My tank now has a total of 3 snails from Family Physidae as far as I can tell. They (the first two) came with the riccia I purchase from ebay. I am OK with their presence although I am on look out for their eggs to collect and discard them when seen.

My question is about one of the larger ones. This guy started floating on the surface of water upside down today. It circles around the tank with the water movement, up and down as well, and occasionally it will hold on to a plant or heater, etc. to walk on it for a while. This is the only indication that makes me believe that it is still alive. After a brief period of walking, it will let go off whatever it was holding on to, then starts floating around again. The other two never float; they keep walking on plants, glass, etc. Has anybody seen such a behavior before? I am quite new to snails BTW, so please excuse my ignorance if this is commonly seen. OTH, if this is a sign of sickness, I would like to take it out from the tank.
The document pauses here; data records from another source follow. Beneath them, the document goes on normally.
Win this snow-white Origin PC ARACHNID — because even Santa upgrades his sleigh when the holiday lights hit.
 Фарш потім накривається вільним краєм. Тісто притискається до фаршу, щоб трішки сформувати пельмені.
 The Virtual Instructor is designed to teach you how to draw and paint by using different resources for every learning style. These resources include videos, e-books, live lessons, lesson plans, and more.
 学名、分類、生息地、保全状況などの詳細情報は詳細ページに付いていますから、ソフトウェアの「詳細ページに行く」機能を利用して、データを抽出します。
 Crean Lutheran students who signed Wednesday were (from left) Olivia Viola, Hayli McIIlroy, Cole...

Any pointers will be appreciated.
 
I had a rogue snail in my tank and he was floating around too; so I took him out the tank and put him in a pot of his own to see if he was ok.

Just looked up the snails and they are the same as I had; I asked in a pet shop and the man in there said they were a pest and to get rid of them because they reproduce asexually (i.e. you only need one). The man in the shop recommended I squashed them and fed them to my fish; or keeping them and breeding them and feeding them to my fish...
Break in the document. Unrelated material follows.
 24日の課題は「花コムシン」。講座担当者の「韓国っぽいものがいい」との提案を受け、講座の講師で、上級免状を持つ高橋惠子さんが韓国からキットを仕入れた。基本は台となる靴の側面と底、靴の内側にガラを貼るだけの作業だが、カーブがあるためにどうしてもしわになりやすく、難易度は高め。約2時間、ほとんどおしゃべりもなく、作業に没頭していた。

I found 5 in my tank; I've not seen anymore but I am keeping my eye out for them.
 
Walking on the surface is normal even when they get up to a large size for pond and rams horns snails they are searching for food is all and will lay their eggs against the plants they float over to on occasion. They don't produce A-sexually they are hermaphroditic and require coming in contact with at least one same species snail to reproduce however once they have passed there sperm packet on and received one they can reproduce very rapidly for a long time without requiring further interaction. Pest snails are great they fill an ecological niche Malaysian trumpet snails turn the substrate preventing gas problems and black sand, Rams horns and Pond snails eat excess fish food and algae, Apple snails have beautiful snails and also eat algae and excess food and breed fairly easily although they need a male and female to be present, Nerites are algae machines and don't reproduce in freshwater, Assassins eat pest snails thus keeping population numbers down and turn the substrate they will eat and prefer catfish or sinking pellets to live food if made available.

Squashing them releases their eggs on occassion so you may destroy one but release 20 more in the process. Best to use a combination of cucumber in the tank for short periods (2 hours) with the light off then remove and you will find a group of snails happily feeding, removal by hand whenever seen, reduction or stop feeding your fish for a week, then after the week of no feeding and constant removal is finished use a copper based treatment to kill any survivors for however long the box suggests then run carbon in your filter for 2 weeks. You don't want to go straight into a copper treatment snail killer as it will cause an ammonia spike and thus harm your other aquatic life.